## [INFORMATION PROVIDED]

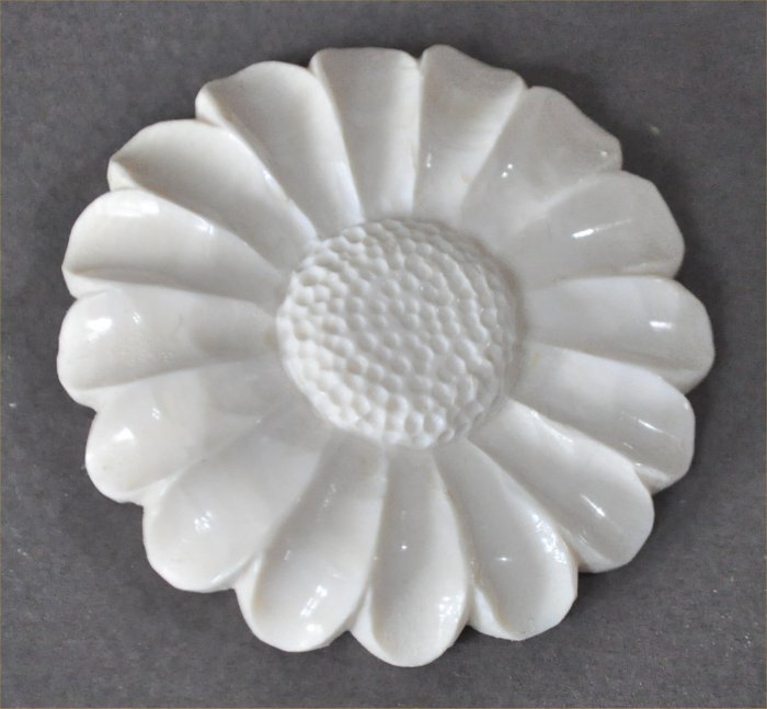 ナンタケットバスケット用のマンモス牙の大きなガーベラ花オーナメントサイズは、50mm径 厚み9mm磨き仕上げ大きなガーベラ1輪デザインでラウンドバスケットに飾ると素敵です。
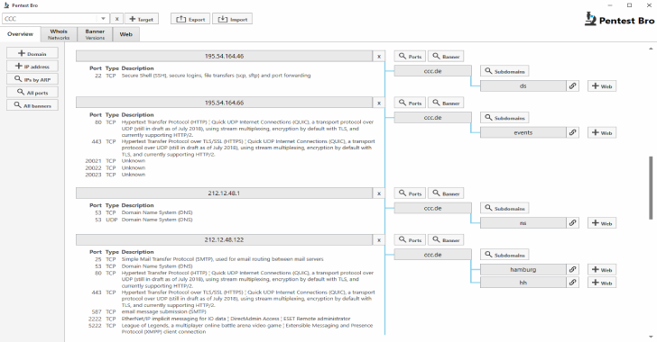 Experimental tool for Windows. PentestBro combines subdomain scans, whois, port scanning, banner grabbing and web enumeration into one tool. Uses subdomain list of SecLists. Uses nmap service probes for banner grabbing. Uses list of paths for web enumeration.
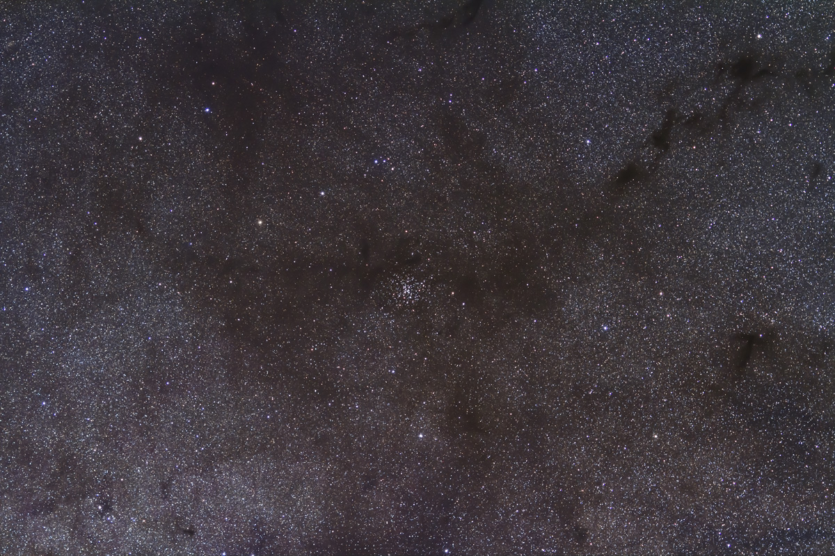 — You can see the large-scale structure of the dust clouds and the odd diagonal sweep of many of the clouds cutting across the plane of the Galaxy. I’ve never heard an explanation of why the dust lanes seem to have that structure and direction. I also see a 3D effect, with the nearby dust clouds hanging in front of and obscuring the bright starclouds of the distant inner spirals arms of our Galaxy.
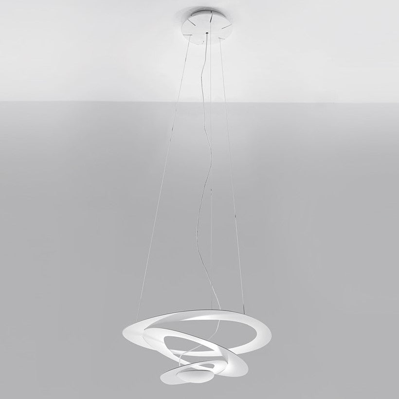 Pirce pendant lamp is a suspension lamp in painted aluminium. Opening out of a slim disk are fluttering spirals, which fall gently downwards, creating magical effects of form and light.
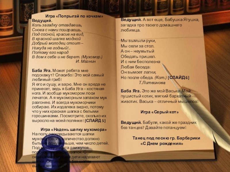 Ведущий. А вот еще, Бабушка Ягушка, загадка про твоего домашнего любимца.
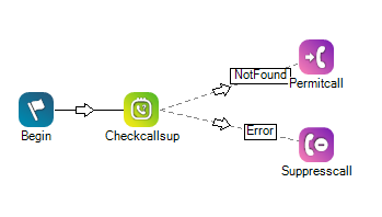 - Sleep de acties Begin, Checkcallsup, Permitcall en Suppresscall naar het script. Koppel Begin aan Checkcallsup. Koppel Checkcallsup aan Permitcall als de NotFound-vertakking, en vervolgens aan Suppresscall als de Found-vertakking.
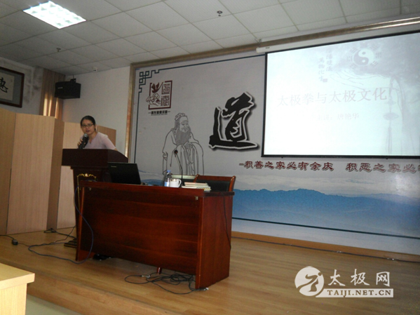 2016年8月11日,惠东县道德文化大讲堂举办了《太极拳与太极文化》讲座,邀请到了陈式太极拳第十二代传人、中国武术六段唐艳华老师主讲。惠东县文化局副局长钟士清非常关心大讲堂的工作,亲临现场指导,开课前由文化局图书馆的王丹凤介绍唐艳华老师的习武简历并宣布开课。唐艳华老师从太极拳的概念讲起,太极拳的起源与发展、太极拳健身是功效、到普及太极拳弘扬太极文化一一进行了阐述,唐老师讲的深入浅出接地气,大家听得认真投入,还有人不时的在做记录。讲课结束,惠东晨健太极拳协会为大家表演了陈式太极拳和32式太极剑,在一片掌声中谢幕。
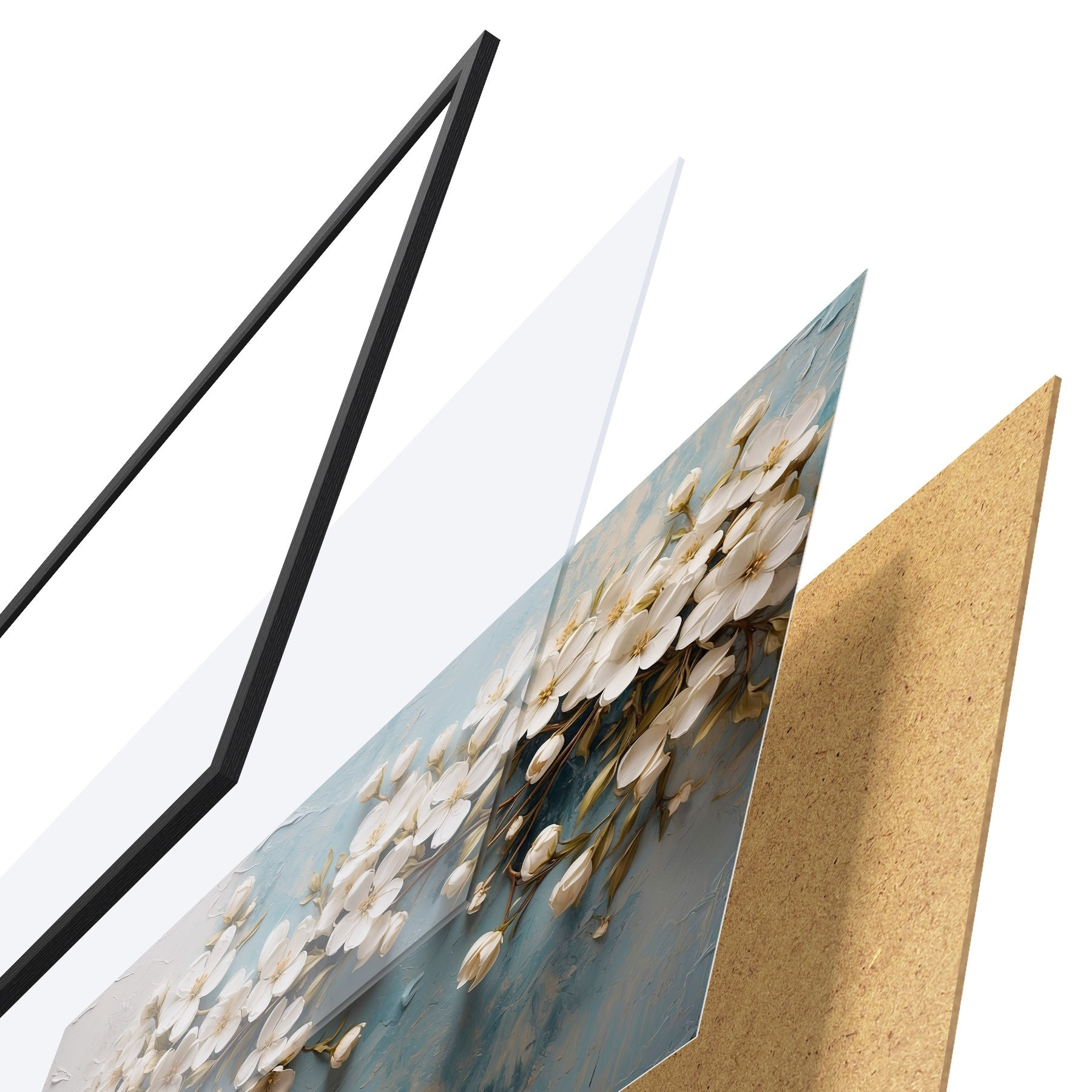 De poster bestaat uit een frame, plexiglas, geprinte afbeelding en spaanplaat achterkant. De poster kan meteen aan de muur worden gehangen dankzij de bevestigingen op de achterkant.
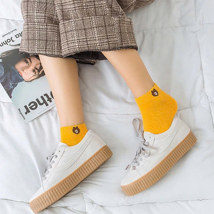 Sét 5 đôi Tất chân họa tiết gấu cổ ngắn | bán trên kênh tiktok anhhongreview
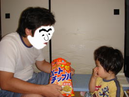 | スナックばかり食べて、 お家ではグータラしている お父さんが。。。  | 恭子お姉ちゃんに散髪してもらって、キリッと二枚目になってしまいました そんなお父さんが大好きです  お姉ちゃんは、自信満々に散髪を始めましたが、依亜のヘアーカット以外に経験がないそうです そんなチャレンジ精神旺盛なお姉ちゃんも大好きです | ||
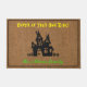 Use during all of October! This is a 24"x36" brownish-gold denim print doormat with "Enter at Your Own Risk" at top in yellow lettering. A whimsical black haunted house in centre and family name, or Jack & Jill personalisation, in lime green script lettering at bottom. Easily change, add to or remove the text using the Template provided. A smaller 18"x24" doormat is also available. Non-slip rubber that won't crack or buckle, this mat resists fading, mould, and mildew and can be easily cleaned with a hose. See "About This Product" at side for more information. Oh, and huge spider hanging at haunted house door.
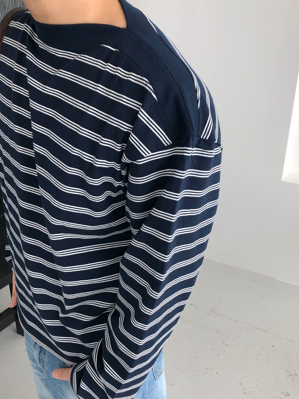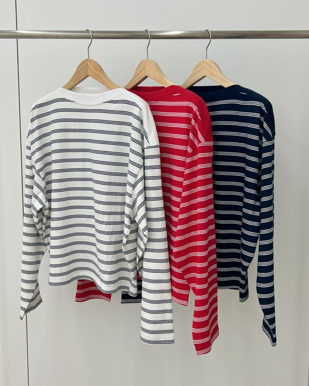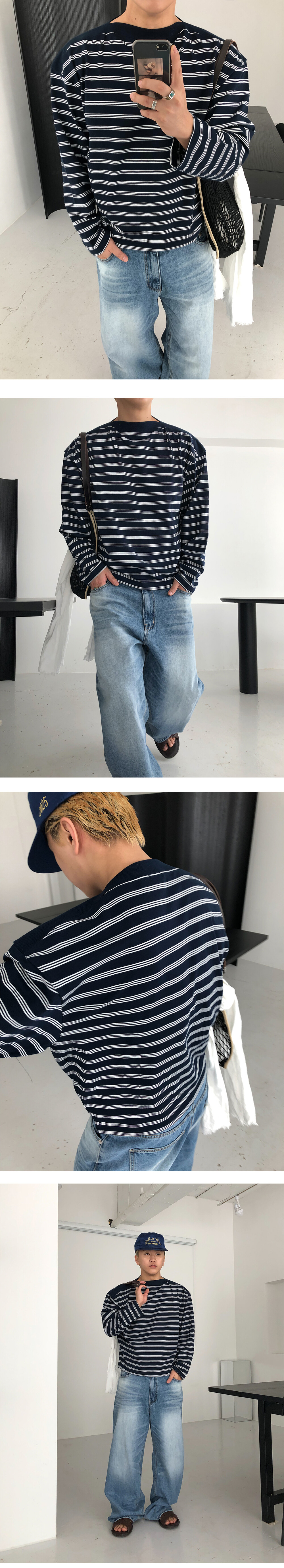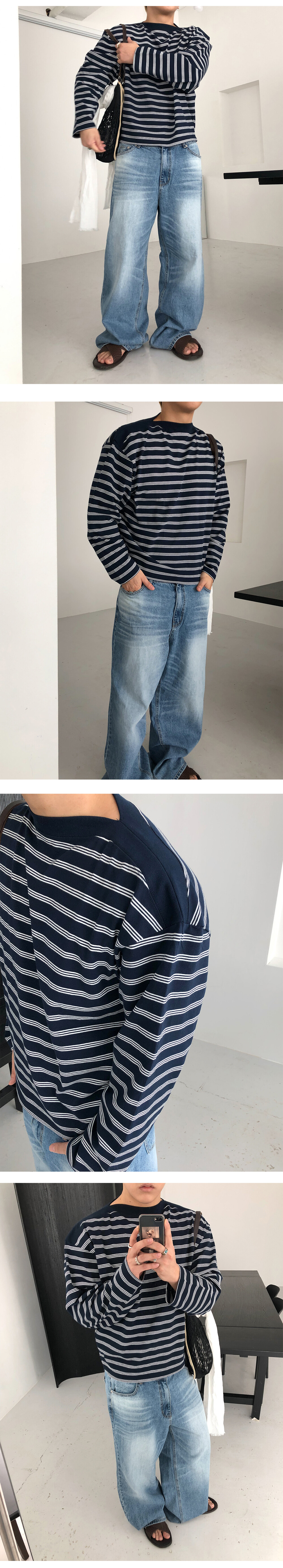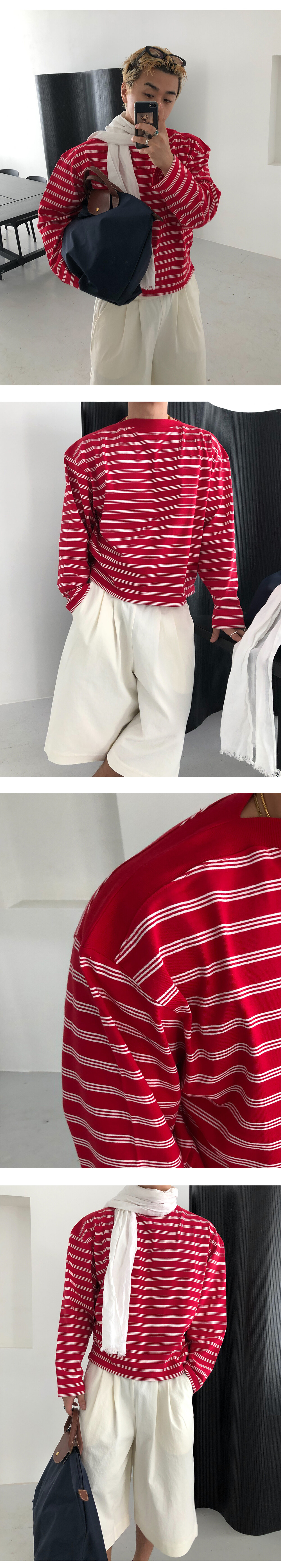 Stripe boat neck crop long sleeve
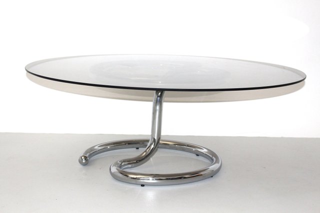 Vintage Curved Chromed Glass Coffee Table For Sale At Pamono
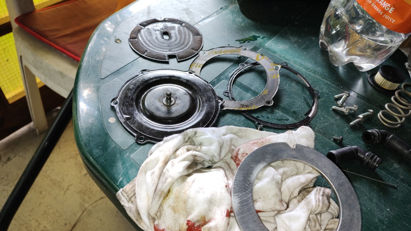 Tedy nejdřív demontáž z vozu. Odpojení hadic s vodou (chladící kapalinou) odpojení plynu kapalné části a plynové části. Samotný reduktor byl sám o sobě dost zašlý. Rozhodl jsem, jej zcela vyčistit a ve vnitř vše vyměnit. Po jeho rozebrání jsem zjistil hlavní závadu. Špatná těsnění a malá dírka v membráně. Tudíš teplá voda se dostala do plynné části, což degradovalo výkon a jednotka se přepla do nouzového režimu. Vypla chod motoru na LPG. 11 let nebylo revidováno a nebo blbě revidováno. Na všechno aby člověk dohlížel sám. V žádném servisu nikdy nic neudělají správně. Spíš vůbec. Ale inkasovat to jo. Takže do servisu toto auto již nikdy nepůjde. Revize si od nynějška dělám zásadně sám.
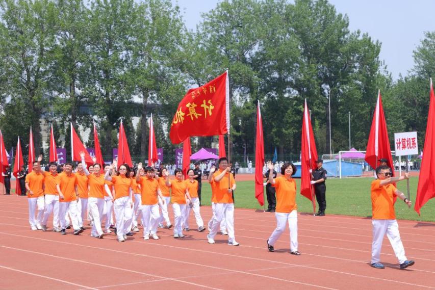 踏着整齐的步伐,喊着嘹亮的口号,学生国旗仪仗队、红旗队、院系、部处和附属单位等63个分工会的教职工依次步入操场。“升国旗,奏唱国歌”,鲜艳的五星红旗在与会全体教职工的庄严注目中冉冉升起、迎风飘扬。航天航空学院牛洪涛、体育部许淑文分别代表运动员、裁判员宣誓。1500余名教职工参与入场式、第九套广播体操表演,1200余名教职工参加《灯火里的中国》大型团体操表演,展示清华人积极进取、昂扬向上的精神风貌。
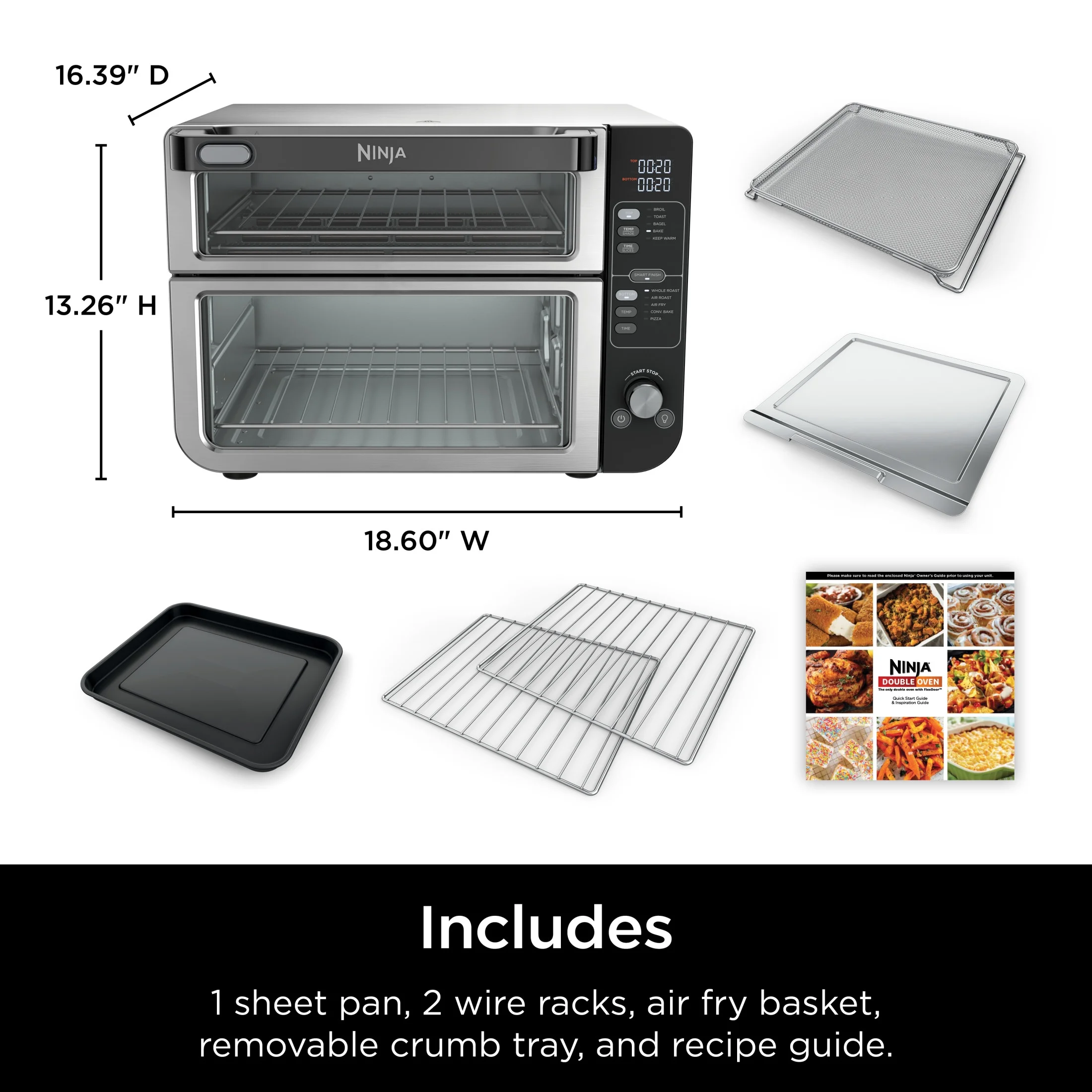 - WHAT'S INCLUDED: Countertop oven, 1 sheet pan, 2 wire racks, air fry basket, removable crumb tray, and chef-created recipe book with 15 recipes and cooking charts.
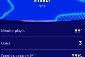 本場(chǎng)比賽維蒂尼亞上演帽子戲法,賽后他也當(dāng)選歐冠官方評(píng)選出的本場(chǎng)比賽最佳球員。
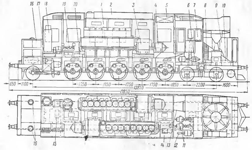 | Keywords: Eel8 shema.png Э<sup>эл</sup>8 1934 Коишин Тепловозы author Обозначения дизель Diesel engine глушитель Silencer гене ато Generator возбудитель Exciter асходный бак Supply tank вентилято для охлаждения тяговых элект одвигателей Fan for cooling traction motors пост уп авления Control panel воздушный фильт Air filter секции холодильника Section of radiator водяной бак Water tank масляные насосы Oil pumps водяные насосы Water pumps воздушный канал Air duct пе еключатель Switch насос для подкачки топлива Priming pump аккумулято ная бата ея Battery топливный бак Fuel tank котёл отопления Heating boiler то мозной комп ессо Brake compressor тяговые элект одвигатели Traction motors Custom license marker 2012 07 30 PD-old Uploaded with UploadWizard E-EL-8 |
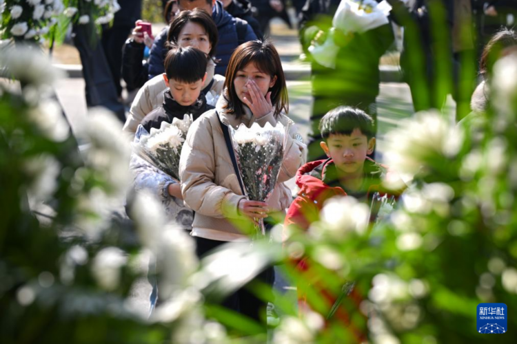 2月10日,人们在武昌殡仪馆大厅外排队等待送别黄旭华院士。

## [WHAT IS REQUIRED]
Repeat the listing above up to and including the line with "2016年8月11日,惠东县", starting from its first line. Drop any pictures.

## [OUTPUT]
 ナンタケットバスケット用のマンモス牙の大きなガーベラ花オーナメントサイズは、50mm径 厚み9mm磨き仕上げ大きなガーベラ1輪デザインでラウンドバスケットに飾ると素敵です。
 Experimental tool for Windows. PentestBro combines subdomain scans, whois, port scanning, banner grabbing and web enumeration into one tool. Uses subdomain list of SecLists. Uses nmap service probes for banner grabbing. Uses list of paths for web enumeration.
 — You can see the large-scale structure of the dust clouds and the odd diagonal sweep of many of the clouds cutting across the plane of the Galaxy. I’ve never heard an explanation of why the dust lanes seem to have that structure and direction. I also see a 3D effect, with the nearby dust clouds hanging in front of and obscuring the bright starclouds of the distant inner spirals arms of our Galaxy.
 Pirce pendant lamp is a suspension lamp in painted aluminium. Opening out of a slim disk are fluttering spirals, which fall gently downwards, creating magical effects of form and light.
 Ведущий. А вот еще, Бабушка Ягушка, загадка про твоего домашнего любимца.
 - Sleep de acties Begin, Checkcallsup, Permitcall en Suppresscall naar het script. Koppel Begin aan Checkcallsup. Koppel Checkcallsup aan Permitcall als de NotFound-vertakking, en vervolgens aan Suppresscall als de Found-vertakking.
 2016年8月11日,惠东县道德文化大讲堂举办了《太极拳与太极文化》讲座,邀请到了陈式太极拳第十二代传人、中国武术六段唐艳华老师主讲。惠东县文化局副局长钟士清非常关心大讲堂的工作,亲临现场指导,开课前由文化局图书馆的王丹凤介绍唐艳华老师的习武简历并宣布开课。唐艳华老师从太极拳的概念讲起,太极拳的起源与发展、太极拳健身是功效、到普及太极拳弘扬太极文化一一进行了阐述,唐老师讲的深入浅出接地气,大家听得认真投入,还有人不时的在做记录。讲课结束,惠东晨健太极拳协会为大家表演了陈式太极拳和32式太极剑,在一片掌声中谢幕。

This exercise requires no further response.